Dans un futur très proche, Nadir Hifi aura peut–être l’occasion de défier son mentor, meneur star de la Turquie, sur la scène internationale. Alors qu’il avait le choix entre la sélection algérienne et française, il a récemment opté pour les Bleus. Malheureusement pour lui et alors qu’il aurait vraisemblablement été sélectionné, des soucis administratifs ne lui ont pas permis d’être à la disposition de Vincent Collet lors de la dernière fenêtre internationale, en février.

“Quand j’ai pris ma décision, je n’avais aucune garantie de jouer en équipe de France. Mais je me suis lancé ce challenge-là, clame Nadir Hifi. J’ai enchaîné les performances et Vincent Collet a commencé à me regarder.Il a voulu me sélectionner mais ça n’a pas pu se faire. Ça sera peut-être pour les prochaines fenêtres. Peut-être pas la prochaine Coupe du monde (25 août-10 septembre 2023), mais celle d’après on ne sait pas. Ça peut aller très vite.”

Un avenir toujours indécis

Avant de penser aux prochains matchs des Bleus, cet été à l’occasion de la préparation de la Coupe du monde, Nadir Hifi devra se pencher sur la question de son avenir. Le meneur est encore sous contrat jusqu’en 2024 avec Le Portel, mais sa saison de haut vol en Betclic Elite lui ouvre forcément d’autres perspectives. Si la draft NBA (le 22 juin prochain) est forcément dans un coin de sa tête, il n’a pour l’instant pris aucune décision ferme et définitive quant à son avenir à court terme. Inscription à la draft, signature dans un club qui joue une Coupe d’Europe, dernière année au Portel… aucune option n’a longtemps été écartée. Et n’en déplaise à son coach, il a finalement choisi de se présenter à la draft.

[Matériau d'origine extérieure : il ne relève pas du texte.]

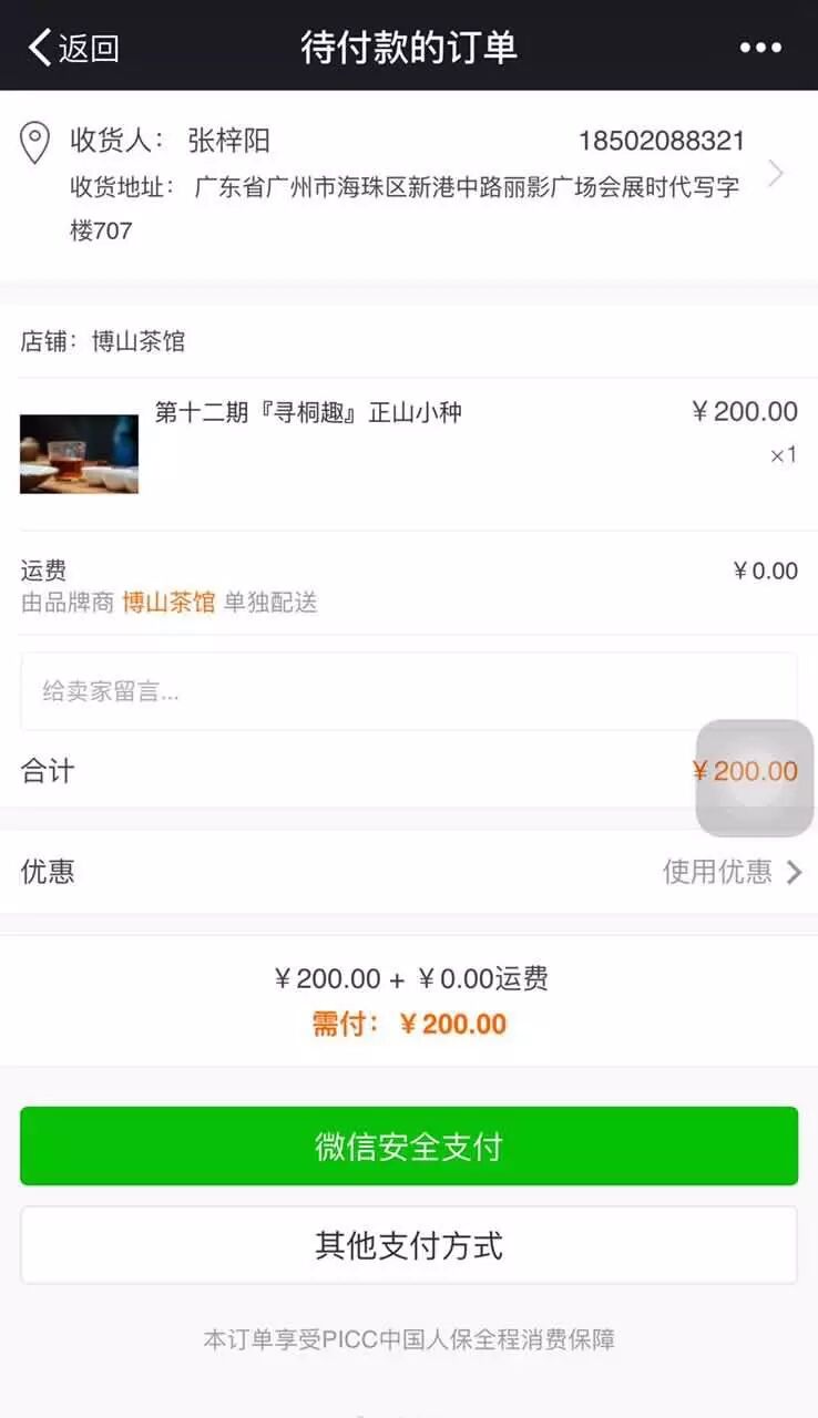 第六步:付款成功后,就靜候我們的茶到手啦!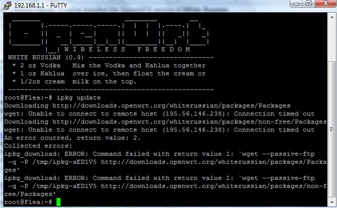 ipkg_download: ERROR: Command failed with return value 1: `wget --passive-ftp -q -P /tmp/ipkg-6gZLVZ ftp://ftp.berlios.de/pub/xwrt/packages/base-files-uci'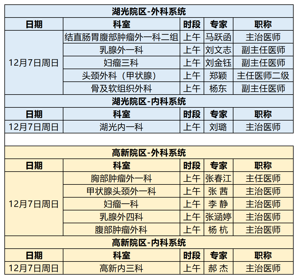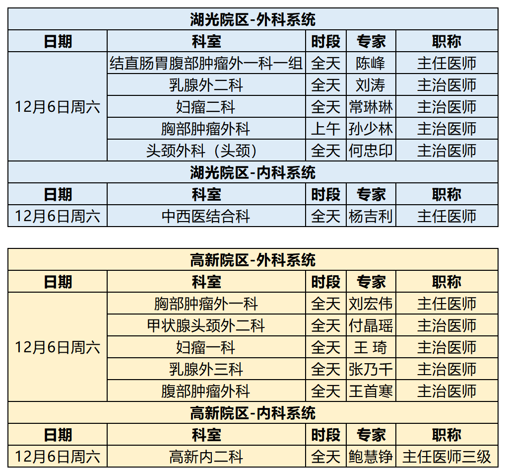 吉林省肿瘤医院12月1日-12月7日专家出诊信息 (仅供参考 以实际出诊情况为准)

“Je prêche pour ma paroisse, mais il a encore un an de contrat chez nous, indique Eric Girard. Peut-être qu’il joue dans une équipe moyenne, OK. Mais il y a une sacrée pression! Il y a plus de pression autour d’une équipe comme la notre (Le Portel est actuellement 13e de Betclic Elite, avec trois victoires d’avance sur le premier relégable à cinq journées de la fin, ndlr) qu’une équipe qui joue la 7e, 8e ou 9e place. Entre louper les playoffs et descendre en Pro B, la pression n’est pas du tout la même. Il a un rôle important. Continuer dans ce contexte là une année supplémentaire pour rebondir ensuite dans un très gros club serait très cohérent. Je pense que former l’équipe autour de lui pour continuer de lui donner ses responsabilités et qu’il prenne encore de l’expérience au plus haut niveau serait la bonne solution. Il ne faut pas brûler les étapes. Certains estimeront que je dis ça car je ne veux pas qu’il parte. Mais Nadir n’a pas 24 ou 25 ans… il a 20 ans.” Et sans doute encore beaucoup de plafonds à exploser.